That said, I'd love to see some code released, even if it isn't ready for primetime.
Our HBase cluster (3 boxes serving 30 human oracles, each submitting data at a rate of 1 record every 5-10 seconds) choked frequently - i.e., it stopped accepting new records. Ultimately what I had to do is have the human data go into postgres and a cron job flushed that into HBase every half hour or so.
I'll emphasize that this is probably my fault. I'm not claiming HBase doesn't scale to 30 concurrent users - clearly Facebook demonstrates it can. But I couldn't figure out how to make that happen. HBase is a complex system and I make no claim of understanding it.
ElephantDB + MaryJane are simple. There is almost nothing that can go wrong - put together they probably amount to 5000 lines of code and have as many as 10 minimally interacting configuration options. The effort required to manage them is minimal - I had EDB working flawlessly in less than a day.
HBase is an enterprise tool. It works well if you are Facebook and can put a couple of people on maintenance duty. It's overkill if you are Styloot (my stealth mode startup, currently smaller than Backtype).
The data I'm loading is stuff like tags - e.g., <itemid>\t<tagid>. In human terms, "Dress A has a ruched collar." Mapreduce can handle data like this, even when it comes unordered.

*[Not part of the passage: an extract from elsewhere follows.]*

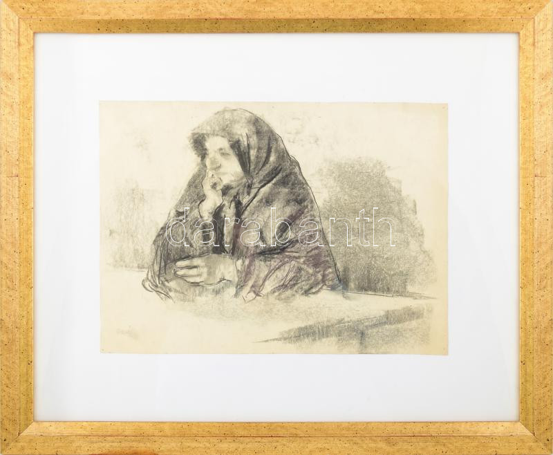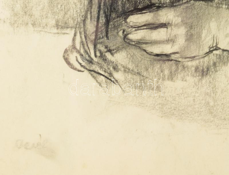 Aczél Ilona (1929-2000): Merengő. Szén, papír, jelzett. Üvegezett, dek...

The data I'm reading is computational results based on the loaded data - e.g., an index: <tagid>\t[<itemid1>, <itemid2>, ...] (where each itemid has been tagged with tagid). E.g., "here are all the dresses with a ruched collar."
(Actually, we do considerably more than this, nor do we need Hadoop for an index. But an index is the simplest example I could give.)
The original data is very boring. It's only after aggregation and calculation that it becomes worth reading.